◆ **ENTRIES SUPPLIED**:

_ _ _ _ _

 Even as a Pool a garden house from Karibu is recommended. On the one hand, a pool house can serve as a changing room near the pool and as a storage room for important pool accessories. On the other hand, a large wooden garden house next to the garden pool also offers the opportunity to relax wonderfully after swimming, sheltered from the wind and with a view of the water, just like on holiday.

_ _ _ _ _

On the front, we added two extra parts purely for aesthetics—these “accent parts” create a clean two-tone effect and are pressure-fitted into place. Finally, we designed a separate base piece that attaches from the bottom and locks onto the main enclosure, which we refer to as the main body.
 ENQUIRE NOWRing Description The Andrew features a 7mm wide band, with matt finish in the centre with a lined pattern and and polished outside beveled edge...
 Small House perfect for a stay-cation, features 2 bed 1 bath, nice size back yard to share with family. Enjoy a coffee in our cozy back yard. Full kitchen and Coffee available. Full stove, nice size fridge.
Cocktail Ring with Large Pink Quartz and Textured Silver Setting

_ _ _ _ _

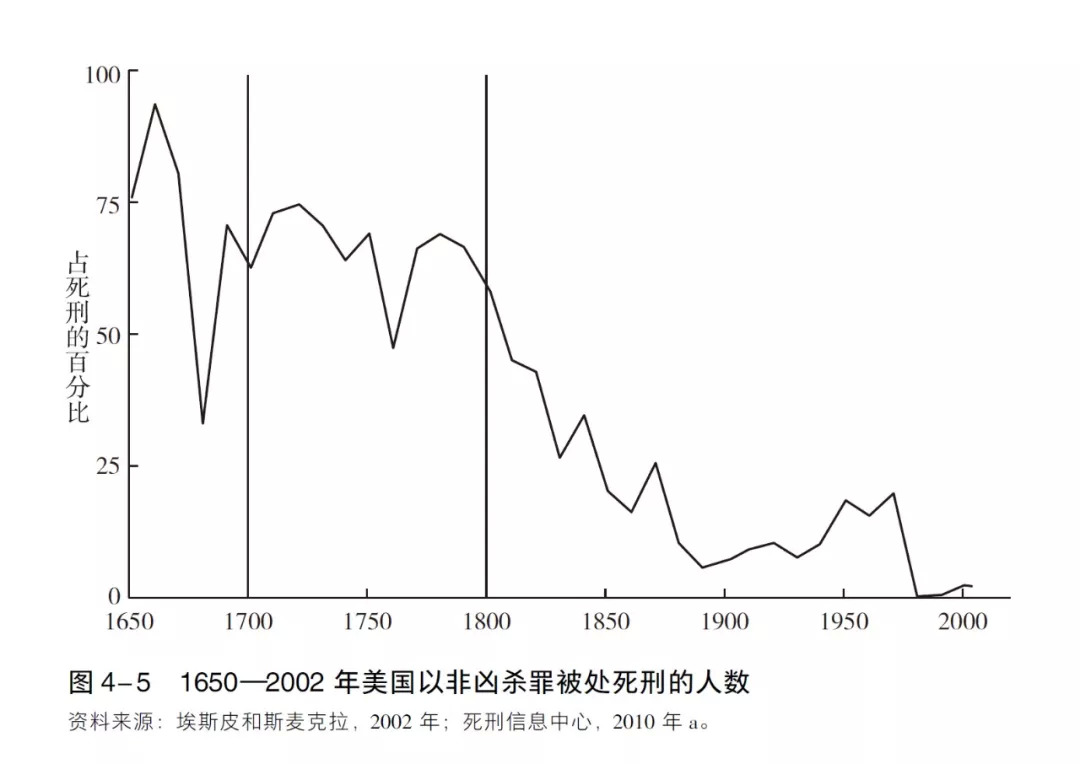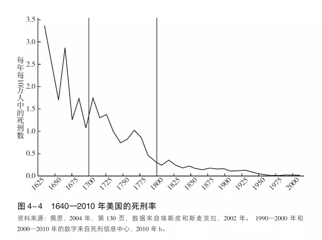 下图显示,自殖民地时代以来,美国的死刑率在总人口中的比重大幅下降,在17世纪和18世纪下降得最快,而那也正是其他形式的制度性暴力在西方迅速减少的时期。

_ _ _ _ _

◆ **PROBLEM REQUIREMENTS**:
Copy every line in the entries above that has the string "from" in it.

◆ **RESPONSE BELOW**:
 Even as a Pool a garden house from Karibu is recommended. On the one hand, a pool house can serve as a changing room near the pool and as a storage room for important pool accessories. On the other hand, a large wooden garden house next to the garden pool also offers the opportunity to relax wonderfully after swimming, sheltered from the wind and with a view of the water, just like on holiday.
On the front, we added two extra parts purely for aesthetics—these “accent parts” create a clean two-tone effect and are pressure-fitted into place. Finally, we designed a separate base piece that attaches from the bottom and locks onto the main enclosure, which we refer to as the main body.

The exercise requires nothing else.